Наталья (московский роман) - Александр Минчин
Шрифт:
Интервал:
Закладка:
— Наталья, ты преступница!
— Да, — искренне соглашается она. И эхо — а-а, — мы уже в лесу.
Я догоняю ее и ставлю подножку, она, невероятно почувствовав спиной, успевает переступить, и я падаю в снег сам. Она оборачивается, такие лучики бегают в глазах:
— Саня, ну почему ты такой маленький, совсем малыш: Аннушка моя и то знает, как ножки маме ставить, чтобы самой не падать.
— Я подучусь, Наталья.
— Ладно уж, — она протягивает мне руку, чтобы я встал, — поверю, только не лежи в снегу, простудишься.

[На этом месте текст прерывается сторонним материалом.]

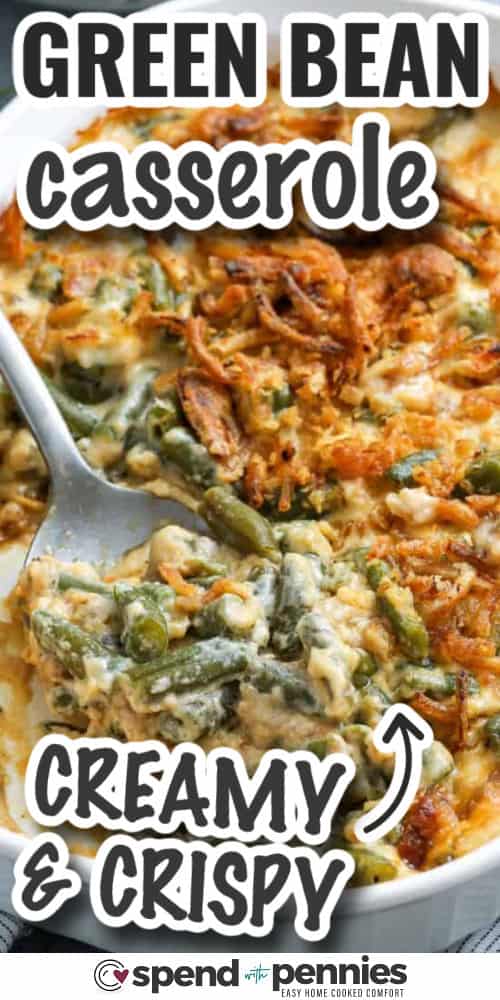 Everyone loves a classic green bean casserole recipe with tender green beans and crispy fried onions in a shortcut creamy mushroom sauce. This is a perfect Thanksgiving side topped with crispy french-fried onions and baked until golden brown and bubbly.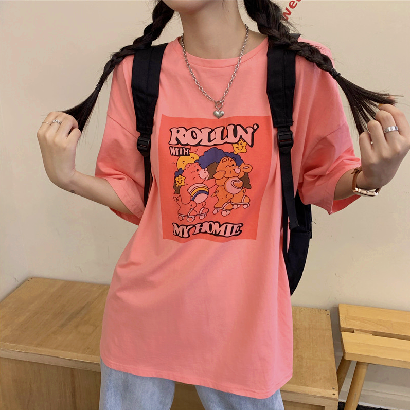 Pastel Color Roller Skate Bear Print Tee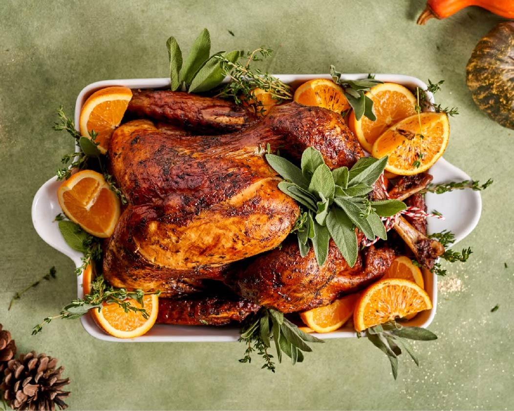 INCLUDING CRANBERRY SAUCE & YOUR CHOICE OF 3 SIDES / EXTRA SIDES (+90AED)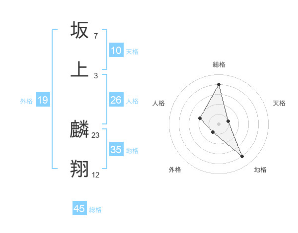 坂上 麟翔さんの総格は45画の4点!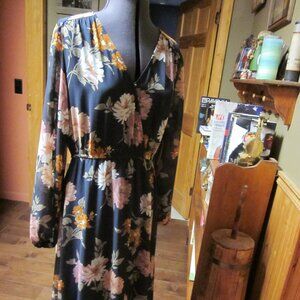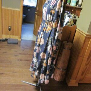 pullover lined dress bold gorgeous floral flowing hem med elastic in waist pit to pit 19 in length 47 romantic peasant earthy gray, brown pink rust and black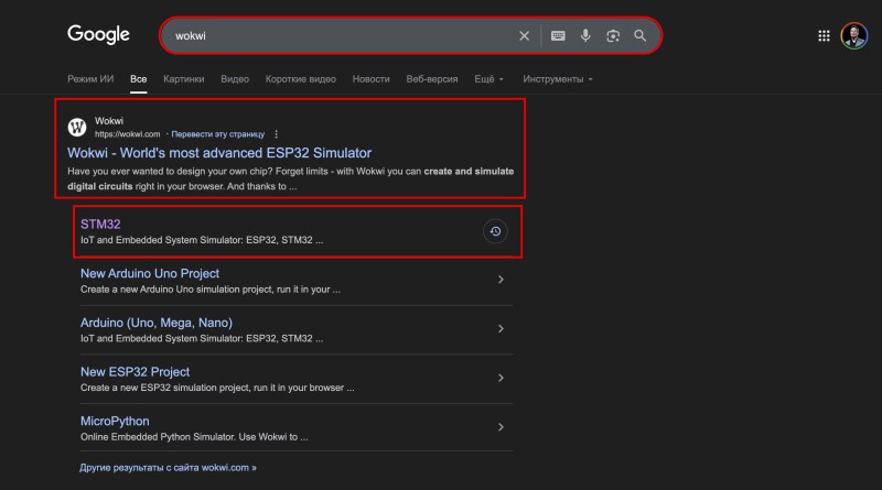 I searched for “Wokwi” on Google. The first result shows the official website of Wokwi, an advanced STM32 simulator.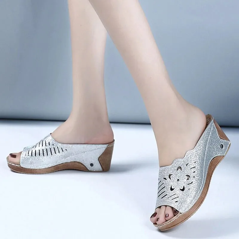 Летние женские туфли на танкетке на платформе с кристаллами шикарные сланцы с открытым носком Элегантные сандалии для улицы под платье Пов...

Я иду за ней в след и, изловчившись, ставлю подножку наверняка, она, как ждала, отскочив, быстро подсекает мою воздушную ногу, и я грохаюсь в снег. Опять.
Она смеется.
— Хватит, Саня. Я же не твои институтские подружки. Я все-таки женщина зрелая.
— Зрелая женщина, а ты любишь блатные песни?
— Очень. Да. Просто обожаю.
— Хочешь я тебе спою?
— Как, ты еще и поешь?! Универсальный ребенок.
— Стараюсь, но голос жуткий. Правда, там тексты важны, так что не обращай внимания на голос.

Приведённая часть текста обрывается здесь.